When it comes to style and quality, the clutches of Paris or the shoulder bags of Milan are not the alpha and the omega.
Another option is being fashioned in Bangladesh from staple materials by skilled local workers.
For Eriko Yamaguchi, 35, the designer and owner of bag maker Motherhouse, developing countries are not places to exploit for cheap labor just to expand her business.
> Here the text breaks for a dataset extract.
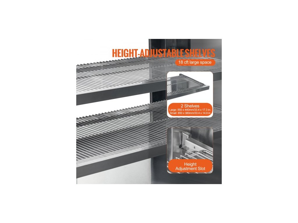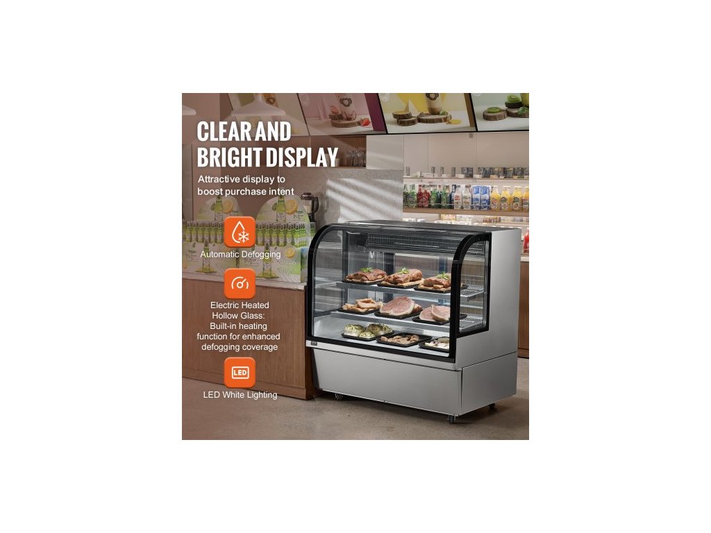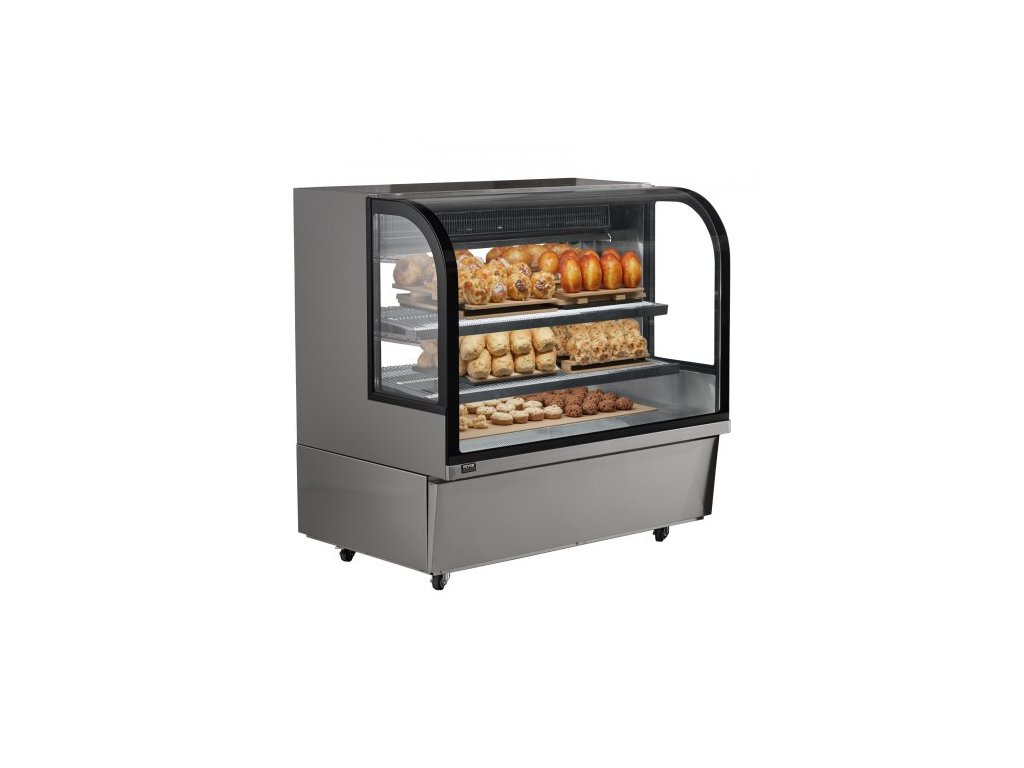 Chladicí vitrína , velká vitrína na pečivo o objemu 505 l, 2patrová komerční chladnička s LED osvětlením, chlazením směrem dolů, pojízdná s kolečky, pro pekárny

Her philosophy is to create high-end products from underdeveloped countries that support the local economy.
“The concept of Motherhouse is to produce bags that are bought not because our customers feel sorry and want to aid the Third World but because our products are actually trendy and good quality,” Yamaguchi said.
In the fall of 2003, when Yamaguchi first traveled to Bangladesh, she never imagined launching a business that would now have 21 stores across Japan and six in Taiwan and Hong Kong.
She was an undergraduate majoring in development studies and was interning at the Inter-American Development Bank in Washington, but was not exactly sure what it really meant to assist the Third World, since she had never seen a developing country with her own eyes.
Bangladesh had become her destination of choice because it was the first country that appeared in an internet search in which she entered two words: “Asia” and “poorest.”
What Yamaguchi saw was nothing close to what she had imagined the “poorest country in Asia” would be.
Seeing people living in slums beyond the pale of human existence, the question that Yamaguchi had never stopped asking herself suddenly came to the fore: “Everyone has a mission, so what is mine?”
She knew that she needed to search for the answer in Bangladesh.
During her two-week trip, Yamaguchi passed an exam to enter the graduate school of BRAC University in Dhaka, returned home to finish her studies, and was back in Bangladesh six months later.
Motherhouse’s story began with Yamaguchi’s introduction to jute, a natural fiber that can be spun into coarse, strong threads, at a product fair. She began to sketch bags that could be made from jute and took them to factories across Bangladesh.
Yamaguchi’s diminutive frame belies an unbridled enthusiasm. But it took quite a while, she said, before she was taken seriously and was able to have her bags manufactured.
Even back home in Japan when Yamaguchi returned to sell her products, she received many discouraging comments to the effect that bags made in Bangladesh would never appeal to Japanese.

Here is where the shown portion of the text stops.